CONCLUSIONS—The TCC seems to heal a higher proportion of wounds in a shorter amount of time than two other widely used off-loading modalities, the RCW and the half-shoe.

Abbreviations: RCW, removable cast walker • TCC, total-contact cast • TcPO₂, transcutaneous oximetry

	INTRODUCTION

TOP ABSTRACT INTRODUCTION RESEARCH DESIGN AND METHODS RESULTS CONCLUSIONS References

 
Neuropathic ulcers are the prime precipitant of diabetes-related amputations of the lower extremity (1). The central goal of any treatment program designed to heal these wounds is effective reduction in pressure (off-loading) (2). Total-contact casts (TCCs) are considered the gold standard of ulcer treatment by many experts in this field (345678910111213141516). This assertion, however, has been made ostensibly without any meaningful side-by-side comparison of devices. Our and other investigators’ systematic reviews have been unable to identify any studies that prospectively compare the clinical effectiveness of various prosthetic devices with off-load ulcer sites to facilitate wound healing (17).

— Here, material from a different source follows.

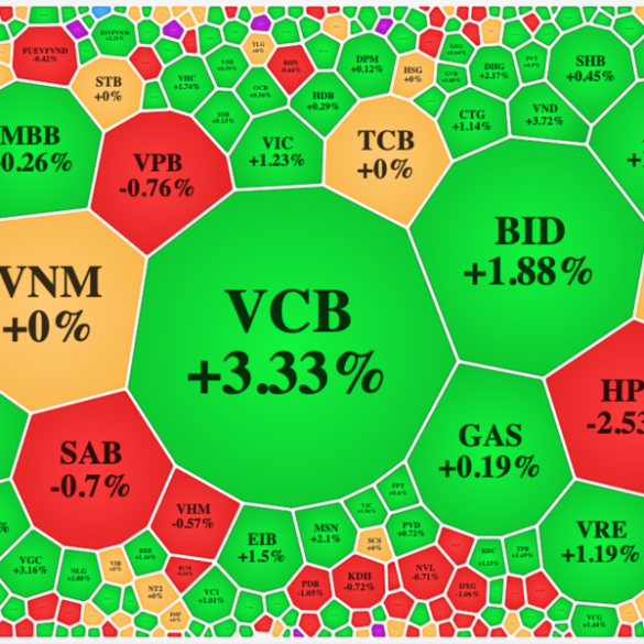 Cùng đóng góp cho đà tăng hôm nay của VN-Index chính là nhóm cổ phiếu vua, đơn cử VCB tăng 3,33%, CTG tăng 1,14%, BID tăng 1,88%, MBB tăng 0,26%, ACB tăng 1,96%,….thậm chí nhóm này còn ít cổ phiếu giảm giá hơn bất động sản.

Therefore, the purpose of this study was to compare the effectiveness of TCCs, removable cast walkers (RCWs), and half-shoes to heal neuropathic foot ulcerations in individuals with diabetes.

	RESEARCH DESIGN AND METHODS

TOP ABSTRACT INTRODUCTION RESEARCH DESIGN AND METHODS RESULTS CONCLUSIONS References

 
In this prospective clinical trial, 63 patients were randomized into one of three off-loading modalities, including TCC, half-shoe (Darco, Huntington, WV), or the Aircast diabetic walker (Aircast, Summit, NJ). The diagnosis of diabetes had been made before enrollment and was confirmed either by communication with primary care providers or by reviewing medical records. All patients had clinically significant loss of protective sensation (>25 V) as measured with a biothesiometer (Biomedical Instrument, Newbury, OH) (18,19), at least one palpable foot pulse or a transcutaneous oximetry (TcPO₂) measurement higher than 40 mmHg at the level of the dorsum of the forefoot, and a neuropathic plantar diabetic foot ulcer corresponding to grade 1A (superficial, not extending to tendon, capsule, or bone using the University of Texas Diabetic Foot Wound Classification System) (20). Neuropathy was defined as the inability to sense the 10-g Semmes-Weinstein monofilament and a vibration perception threshold >25 V (18,19,21). Patients who had active infection, were unable to walk without wheelchair assistance, had wounds in locations on the heel, rear foot, or area other than the plantar aspect of the foot, or had severe peripheral vascular disease (diagnosed by the criteria listed above) were excluded from the study. If patients had more than one plantar wound, the largest wound was used as the index ulcer for inclusion in this study.

Patients were randomized through a computerized randomization schedule. Randomization was performed after the initial screening. The clinical study protocols and the informed consent that each patient was required to sign were approved by the appropriate Institutional Review Board. TCCs were applied using a modification of the technique described by Kominsky (22). The modification to this technique included the use of a cast boot in lieu of the rubber cast walker and plywood platform. TCCs were changed on a weekly basis or as clinically necessary. RCWs and half-shoes were applied using the directions dispensed with the original packaging. All patients were instructed to use the devices at all times during ambulation.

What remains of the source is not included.